╭──
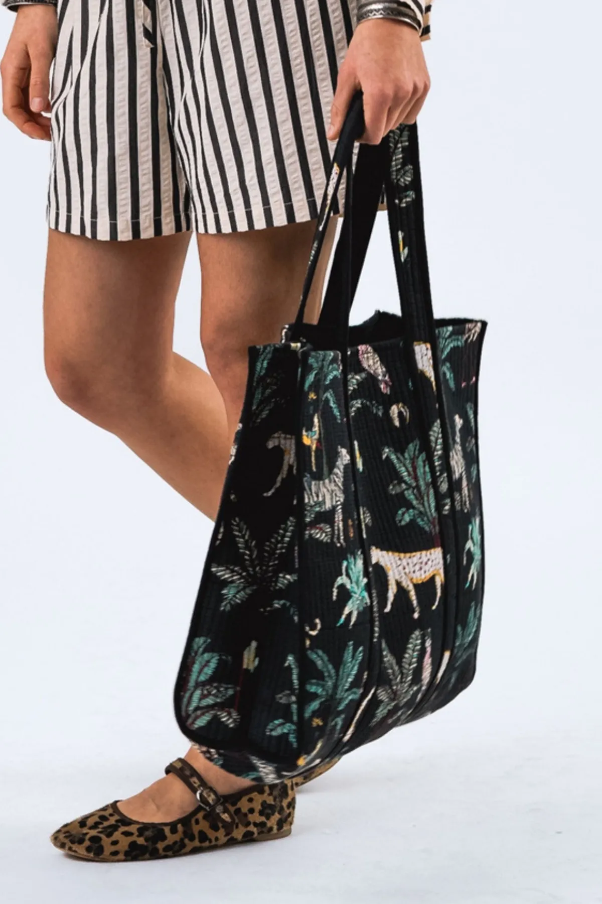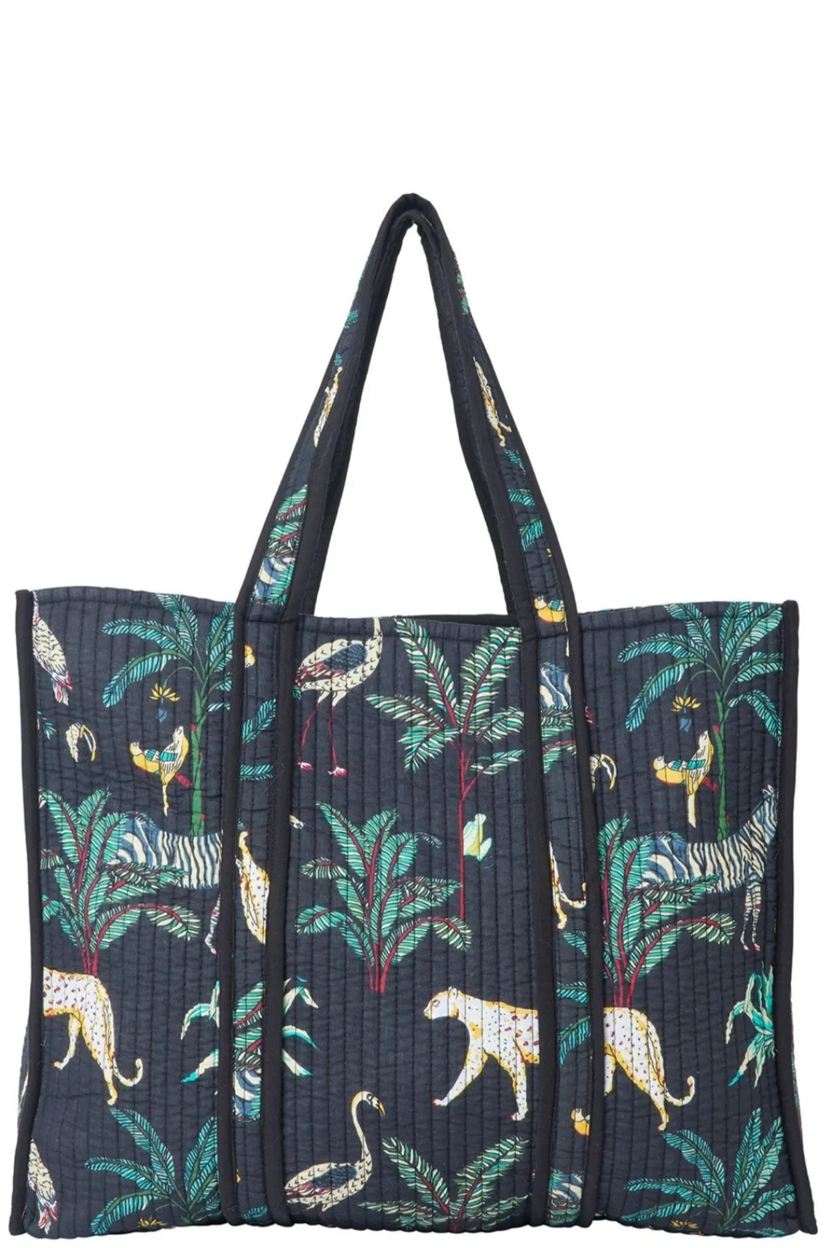 The ZelkovaLL bag is made from quilted fabric with a unique, colourful print depicting tropical palms, elegant birds, and majestic animals like leopards and zebras. The vibrant and colourful pattern stands out beautifully against the washed black background with black piping, making the bag a true statement piece. With its spacious size, it’s ideal for everything from beach trips to a day in the city when you need extra room. It features wide, comfortable straps, and the durable material ensures that the bag withstands daily use. The ZelkovaLL bag offers you a practical bag that doesn’t compromise on style.
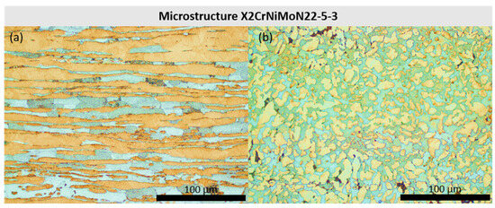 Multiphase materials with a high fraction of contributing phases are interesting candidates for structural materials in engineering applications, as such materials often combine different material properties in a positive way. Duplex stainless steels are an example of such a class of multiphase materials and are becoming increasingly popular as construction materials in mechanical and industrial engineering, as these steels optimally combine the advantages of austenitic stainless steels and ferritic steels. Such steel grades generally have good mechanical properties, resulting in a high strength combined with good ductility. In addition, duplex stainless steels often have better corrosion resistance than conventional austenitic steels, which makes them attractive for applications in, i.a. the chemical and petrochemical industries, in seawater desalination plants and in offshore technology [1,2,3,4,5]. In principle, when producing metallic technical components through processes where plastic deformation and/or thermal energy are introduced, it can be assumed that phase-specific crystallographic textures and/or phase-specific residual stress (RS) states are introduced or affected. Thus, a change in the phase-specific RS as well as the phase-specific texture can be expected along an industrial production route [6,7,8,9,10]. This was impressively demonstrated in [6] for two duplex steels processed through rolling. The duplex steels investigated developed more pronounced crystallographic textures with increasing deformation. Since these crystallographic textures can have an influence on the resulting RS, and also on RS analysis, it is necessary to know the existing crystallographic texture state. In [11], it was shown for a duplex steel with a crystallographic texture subjected to a deep rolling process that this mechanical surface treatment also affects the phase-specific crystallographic texture in the near-surface region, with the side-effect being that, for X-ray residual stress analysis oscillations of 2θ vs. distributions were drastically reduced.
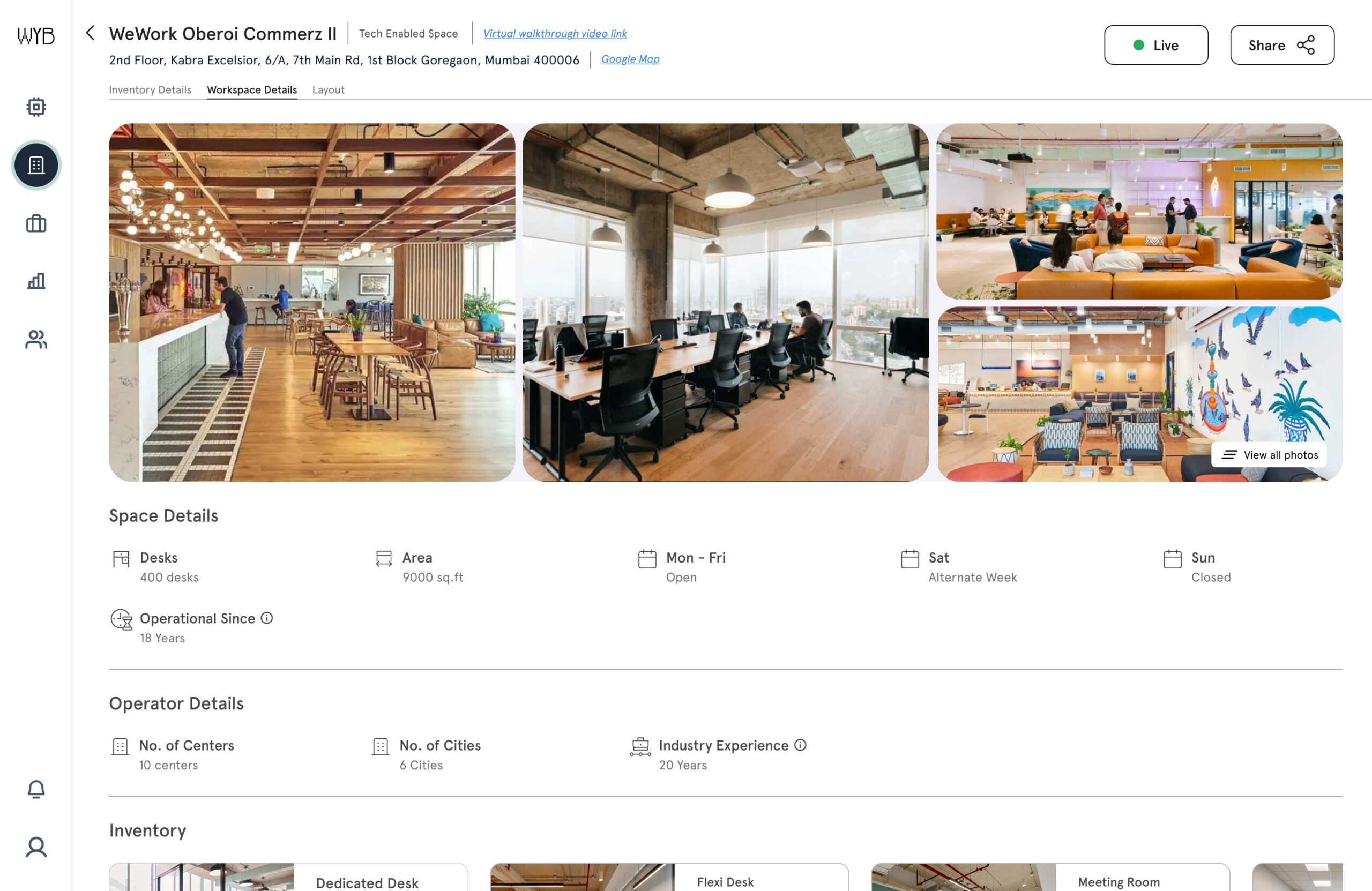 Get instant access to verified, live workspace listings with 20+ data points—no delays, no outdated data, no missed opportunities.
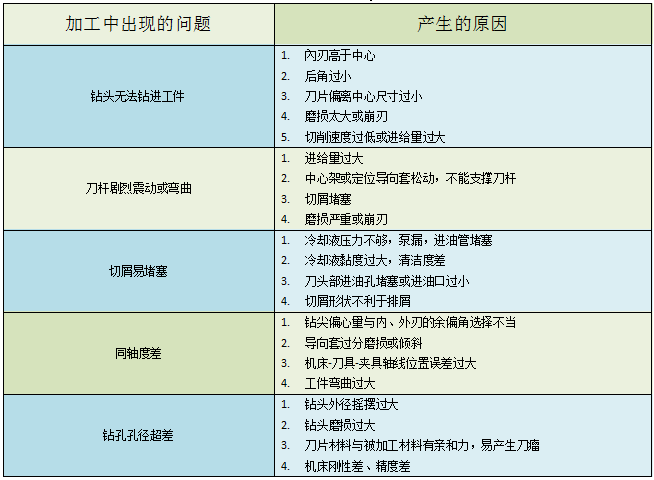 6. 槍鉆加工中常遇到的問題和產(chǎn)生的原因見下表:
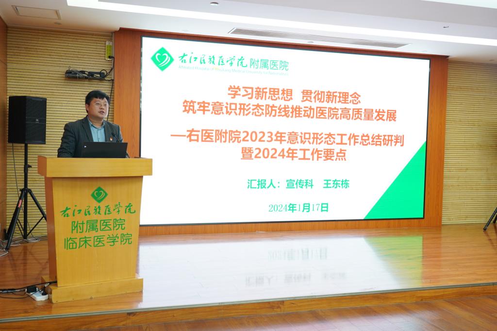 我院宣传科王东栋科长作《2023年意识形态工作总结暨2024年工作计划》专题报告
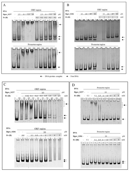 EMSA of Dgeo_0257 (A) and DgDps1 (B) on both promoter and ORF regions with increasing protein concentration. Dgeo_0257 and DgDps1 were treated with 0.2 mM and 1.0 mM ferrous ion concentration at lanes 6–10, respectively. Lane 1, free DNA; lanes 2–5, increased amounts of purified Dgeo_0257 and DgDps1 proteins (2.5–10 µM and 15–60 µM, respectively). Comparison of differential concentrations of ferrous ions (C) and ferric ions (D) on ORF and promoter regions, respectively.
╰──
◆ What is expected
For this exercise, transcribe exactly only the lines from the one containing "我院宣传科王东栋科长作《20" through the end of the listing, inclusive, without the pictures.

◆ Result for this exercise
 我院宣传科王东栋科长作《2023年意识形态工作总结暨2024年工作计划》专题报告
 EMSA of Dgeo_0257 (A) and DgDps1 (B) on both promoter and ORF regions with increasing protein concentration. Dgeo_0257 and DgDps1 were treated with 0.2 mM and 1.0 mM ferrous ion concentration at lanes 6–10, respectively. Lane 1, free DNA; lanes 2–5, increased amounts of purified Dgeo_0257 and DgDps1 proteins (2.5–10 µM and 15–60 µM, respectively). Comparison of differential concentrations of ferrous ions (C) and ferric ions (D) on ORF and promoter regions, respectively.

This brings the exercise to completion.